Ed Macnair is CEO of cloud security firm CensorNet
In today’s collaboration-happy workplace, applications like Box, Google Drive and Dropbox have been embraced with a big corporate hug. Even traditionally security conscious organisations have rushed headlong into adopting them.
However, as with any tech that’s seeing big corporate adoption, these apps have also come under the microscope of the bad guys.
Endlessly creative and ruthlessly focussed, criminal organisations are beginning to pull at the threads of companies trying to figure out how they can be unwound.
The targeted theft
A conscientious employee from finance knows he needs different passwords for accessing the raft of applications that his job demands.
This all gets terribly hard to remember so instead of writing them down, he puts them in a spreadsheet in Dropbox.
Unfortunately, he isn’t that security conscious in his personal life. So, when a small MineCraft forum he uses is breached and his email address and password are exposed, cyber criminals start checking popular applications for where those credentials might be re-used.
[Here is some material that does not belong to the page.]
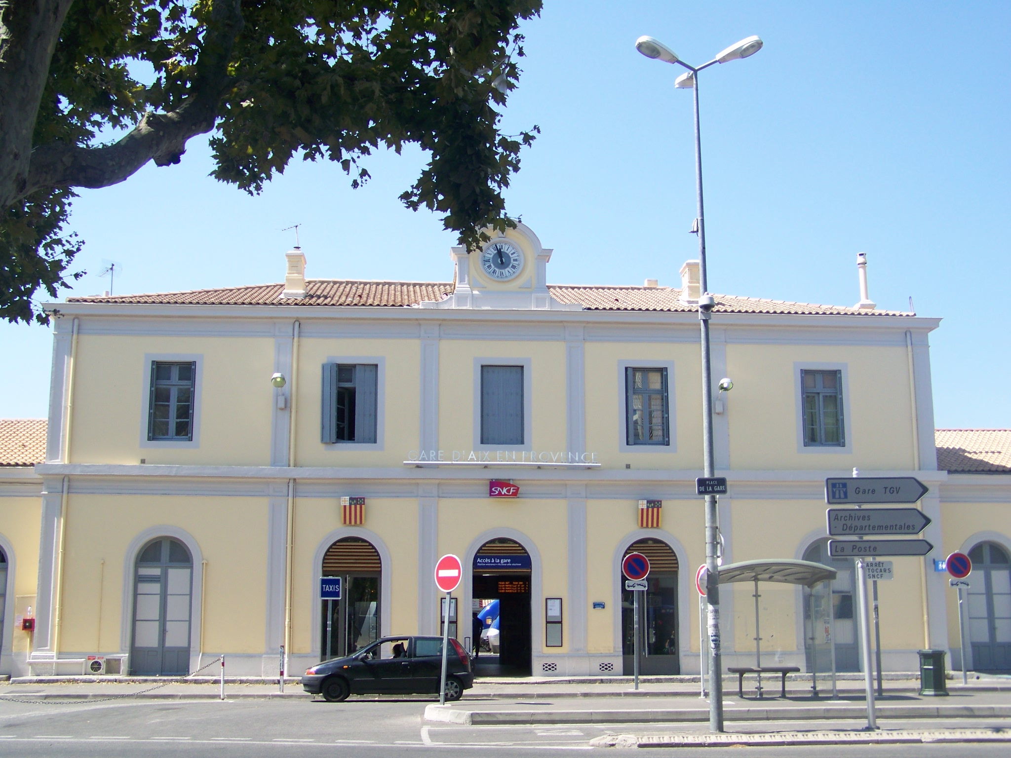 Old builging of city of Aix-en-Provence railway station, in Bouches-du-Rhône, France.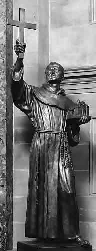 Fray Junípero Serra La imagen fue tomada de la siguiente dirección Existe una nota en la página web del Capitolio de los Estados Unidos de América que dice lo siguiente: How can I obtain a photograph from the Architect of the Capitol? Photographs from the records of the Architect of the Capitol may be used for scholarly or educational purposes; they are not made available for promotional or advertising purposes. For information about ordering images and permission to publish, please send a letter identifying the image that you would like to use and the purpose for which you wish to use it to: The Honorable Alan M. Hantman, FAIA Architect of the Capitol U.S. Capitol Washington, D.C. 20515 He procedido a enviar una misiva solicitando permiso para publicar la imágen en Wikipedia, estoy en espera de respuesta. La respuesta la encontré en Wikipedia en idioma inglés, es genérico para todas las imágenes tomadas desde aquí: Un ejemplo: This image is a work of an employee of the Architect of the Capitol employee, taken or made during the course of the person's official duties. As a work of the U.S. federal government, all images created or made by the Architect of the Capitol are in the public domain, with the exception of classified information. Copyright: Public domain US Government work. --Scalif 22:10 25 ene, 2005 (CET)

They hit pay day with his Dropbox account, hoovering up all the data and, alongside the photos from his holiday, they snaffle a file called PASSWORDS.xlsx.
Noting which applications the company uses on a regular basis from Twitter and LinkedIn they gain access to company finances and business plans, which are sold to a competitor for a hefty amount.
In addition, the online accounting platform is now also wide open. A string of financial transactions see money syphoned off and before anyone knows it, the account is empty.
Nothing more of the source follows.